EXERCISE DIRECTIONS »
With the pictures removed, the data below must be transcribed in full and exactly.

GIVEN DATA »

====

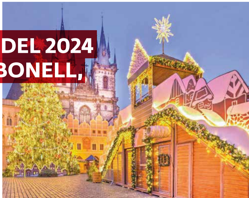
Praga en Nadal.

Per a Richard, cada mercat ofereix activitats especials que el converteixen en una experiència completa. Des de con-
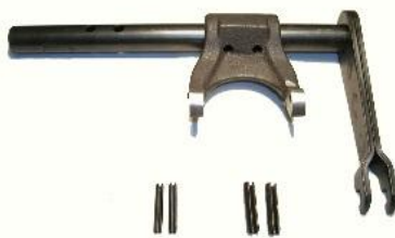
3099, CONJUNTO EJE CON HORQUILLA EMBRAGUE RENAULT 18-TRAFIC MOTOR 1400, NEOTEK
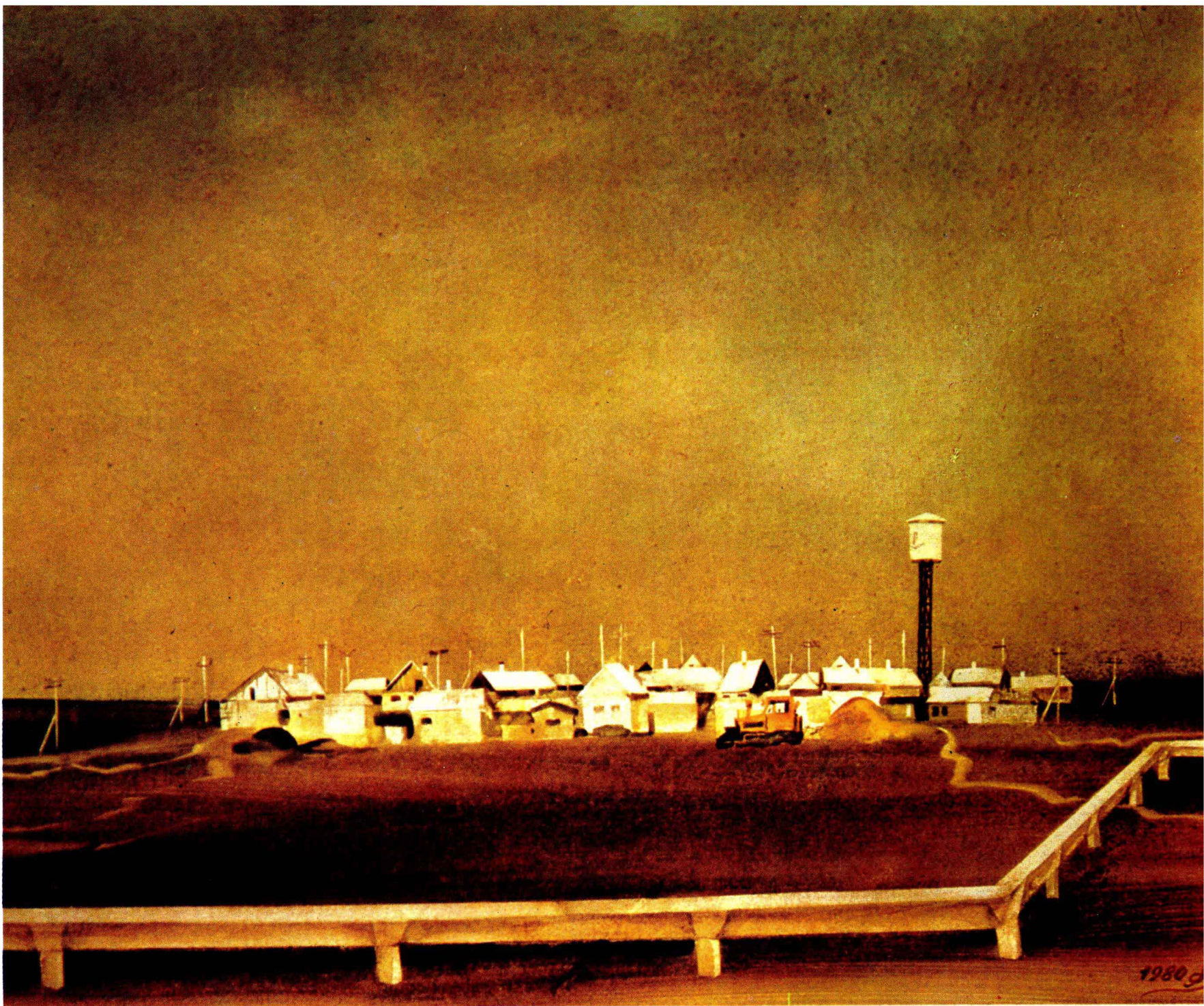
2 《日扎克斯基草原上的新收获的粮食》组画之二 1980年 60 × 73 cm B · H · 安东诺夫

====

YOUR SOLUTION »
Praga en Nadal.

Per a Richard, cada mercat ofereix activitats especials que el converteixen en una experiència completa. Des de con-
3099, CONJUNTO EJE CON HORQUILLA EMBRAGUE RENAULT 18-TRAFIC MOTOR 1400, NEOTEK
2 《日扎克斯基草原上的新收获的粮食》组画之二 1980年 60 × 73 cm B · H · 安东诺夫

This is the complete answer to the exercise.